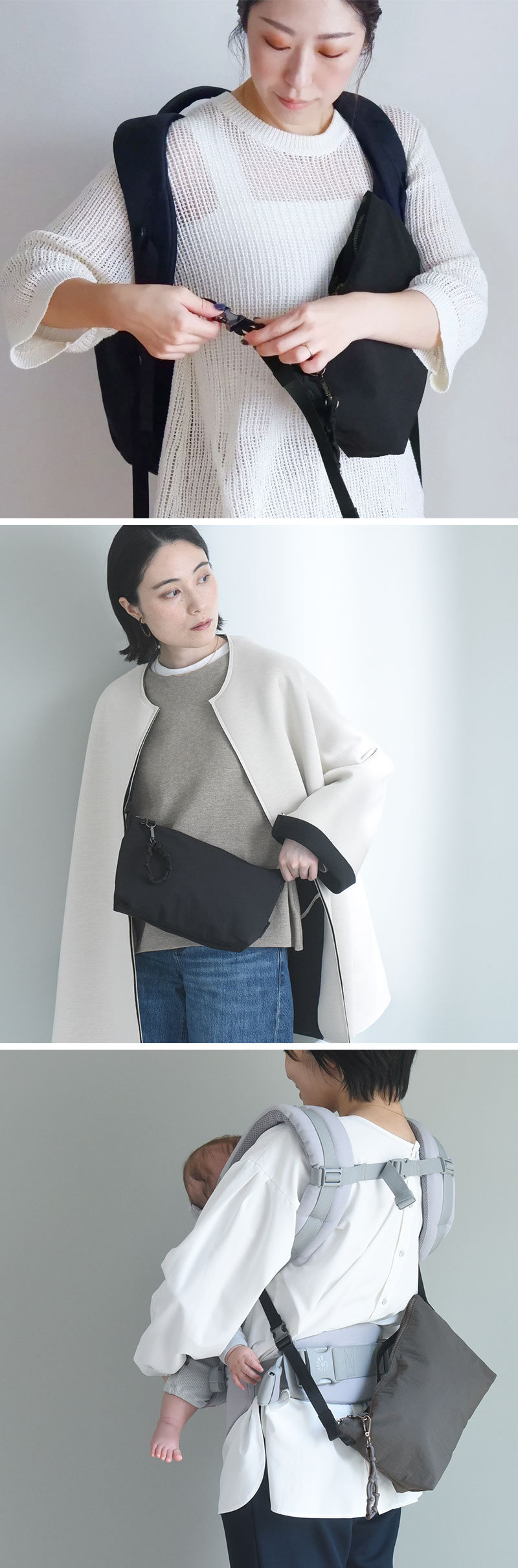 また、バックル付きのショルダーで分厚いアウターを着ていたり、ベビーを抱っこしている時でも取り外し簡単。小さな見た目に便利をぎゅっと詰め込んだ快適ショルダーです。
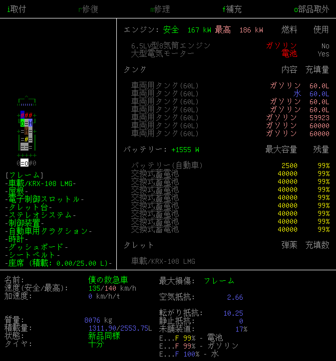 出発時の救急車は上の画像。特にコメントはありません。物資を運ぶための輸送車としては完成していると思われる。拠点車にするには改造が足りない。
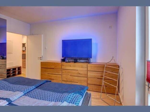 Schön geschnitten mit 2 Schlafzimmern, Wohnzimmer, Küche im Gang und Badezimmer. Die Schlafzimmer sind jeweils mit Bett (1x Doppelbett, 1x Einzelbett) und Kleiderschrank möbliert. Beide bieten prakti...
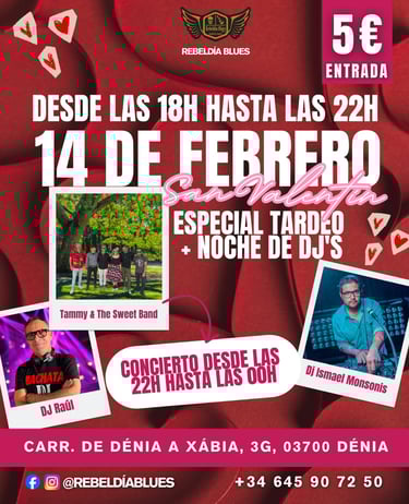 Este viernes 14 de febrero celebramos el amor en Rebeldía Blues con un especial Tardeo + Concierto en directo + Noche de DJs. Una cita perfecta para bailar, disfrutar y vivir San Valentín con música y muy buen ambiente.
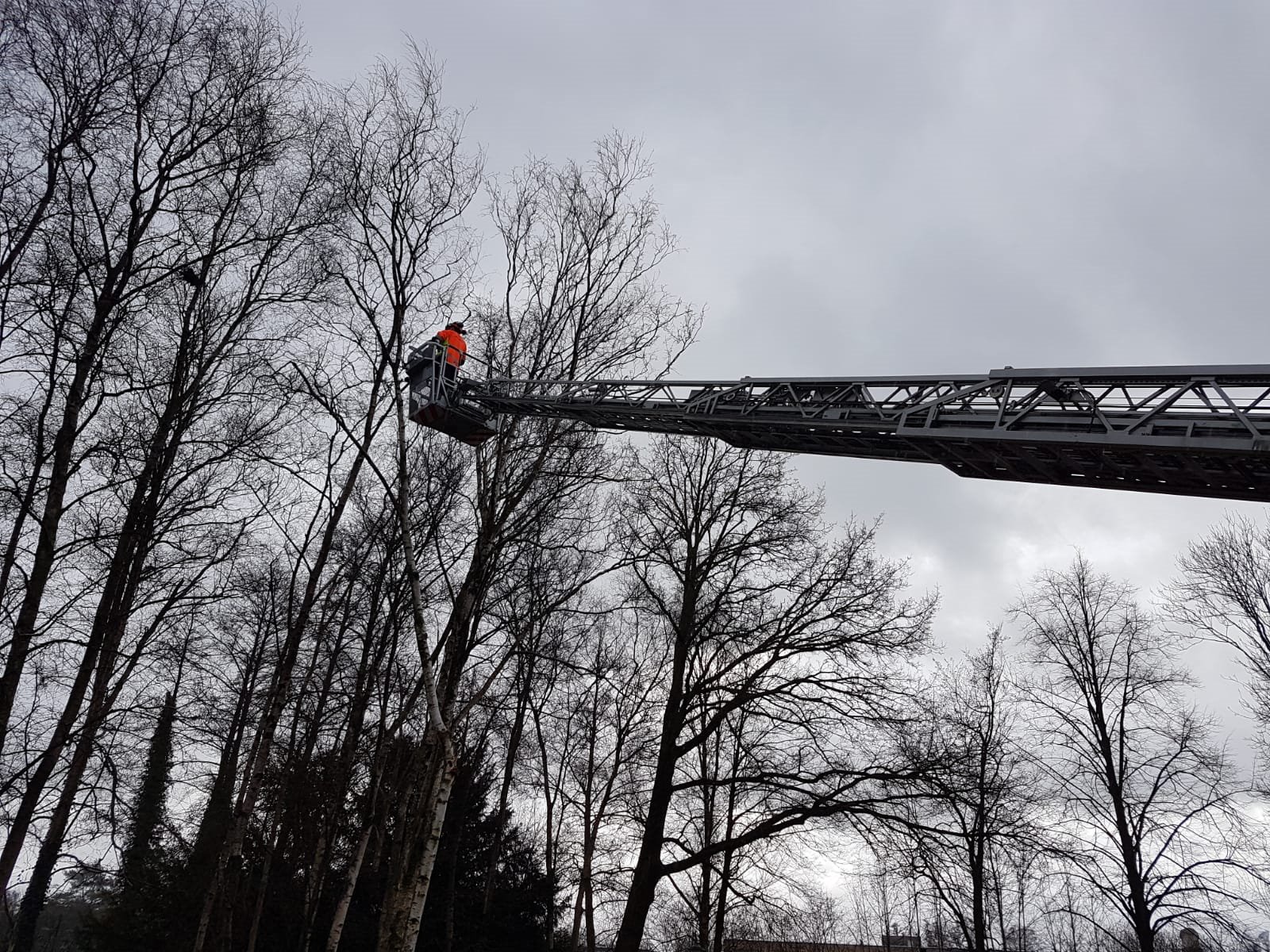 Im Alten Postweg war ein Straßenbaum abgebrochen und lehnte an einem dort parkenden Fahrzeug. Behutsam wurde der Baum von der Drehleiter aus abgetragen.
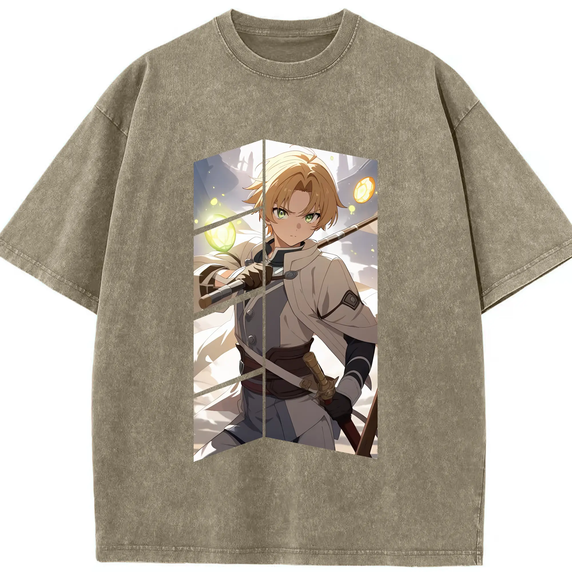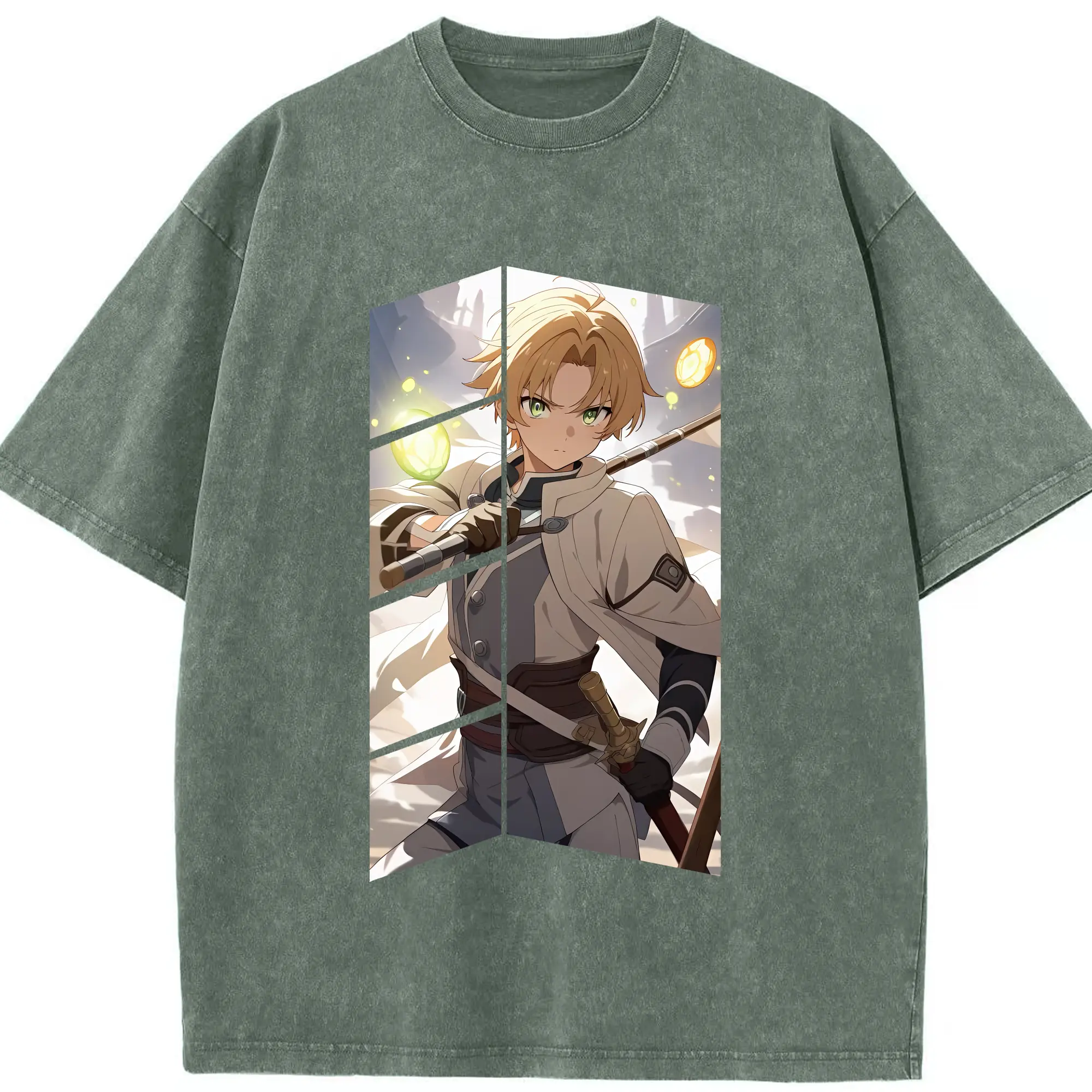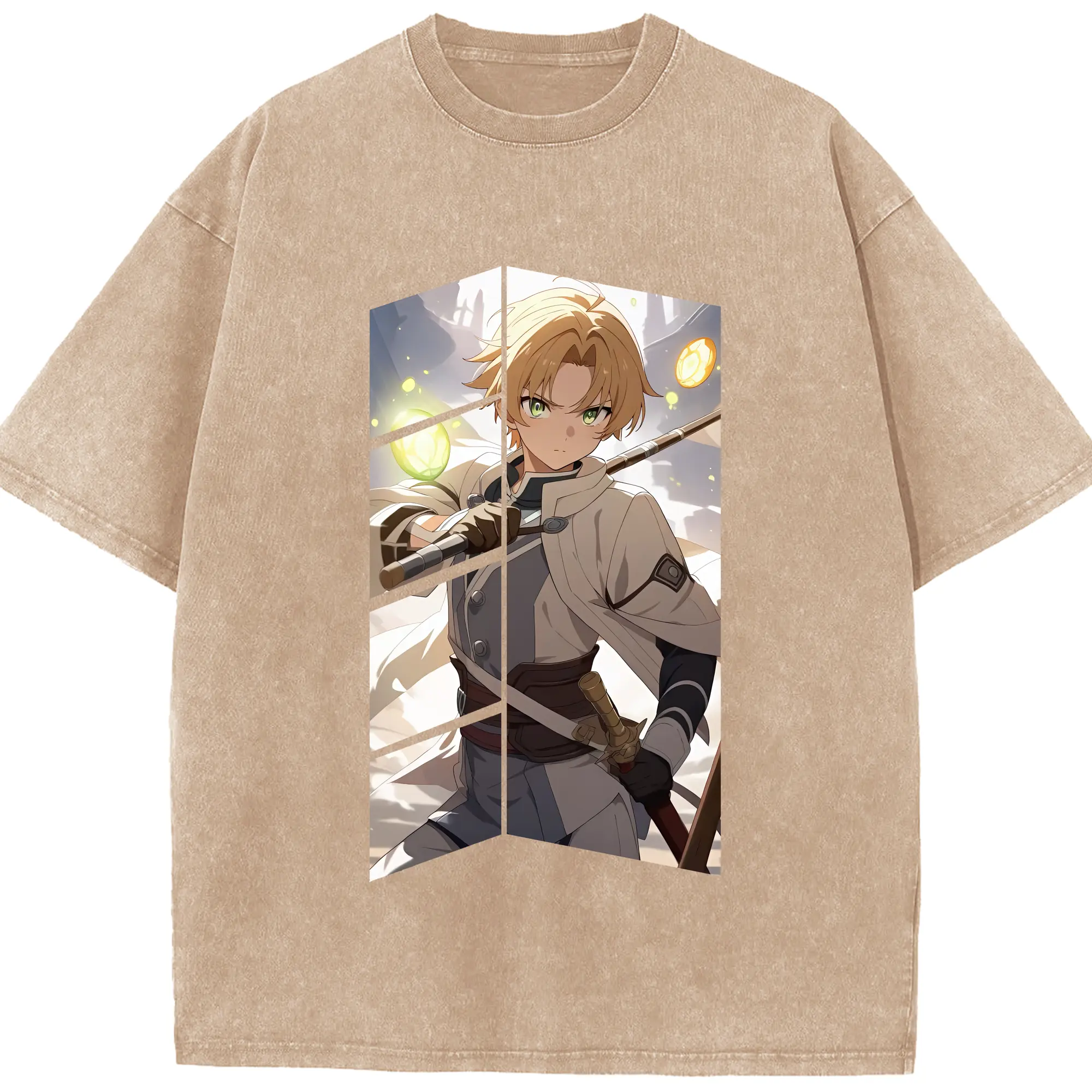 無職転生 グッズ,ルーデウス・グレイラット - 綿100% ヴィンテージ風 半袖Tシャツ ・ 背面プリント ・ 柔らか肌触り ・ 通気性 快適 ・ スポーツ カジュアル 外出用
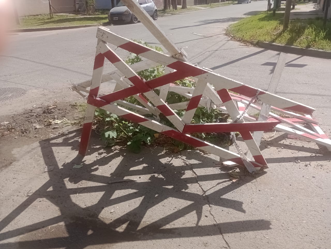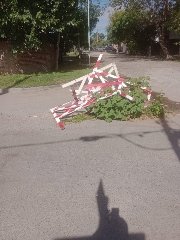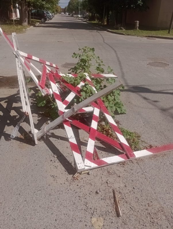 Las imágenes, capturadas por los propios frentistas, son elocuentes. Muestran un pozo o una estructura de obra que quedó inconclusa. Sobre este hueco se apilaron de manera precaria caballetes de señalización de madera, pintados con franjas rojas y blancas, que hoy se encuentran en avanzado estado de deterioro, rotos y desmoronados.
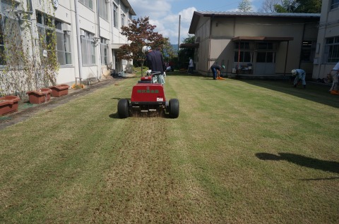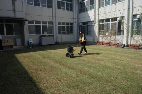 冬芝(ライグラス)のタネ45g・uを播き、1.2mm厚で目土を散布しました

:::

**Goal of the exercise**: How would the lines above read from the one with "Este viernes 14" to the one with "無職転生 グッズ,ルーデウス・グレイラット - 綿100%", inclusive, with no pictures? Write them out exactly.

**Answer for the task**:
 Este viernes 14 de febrero celebramos el amor en Rebeldía Blues con un especial Tardeo + Concierto en directo + Noche de DJs. Una cita perfecta para bailar, disfrutar y vivir San Valentín con música y muy buen ambiente.
 Im Alten Postweg war ein Straßenbaum abgebrochen und lehnte an einem dort parkenden Fahrzeug. Behutsam wurde der Baum von der Drehleiter aus abgetragen.
 無職転生 グッズ,ルーデウス・グレイラット - 綿100% ヴィンテージ風 半袖Tシャツ ・ 背面プリント ・ 柔らか肌触り ・ 通気性 快適 ・ スポーツ カジュアル 外出用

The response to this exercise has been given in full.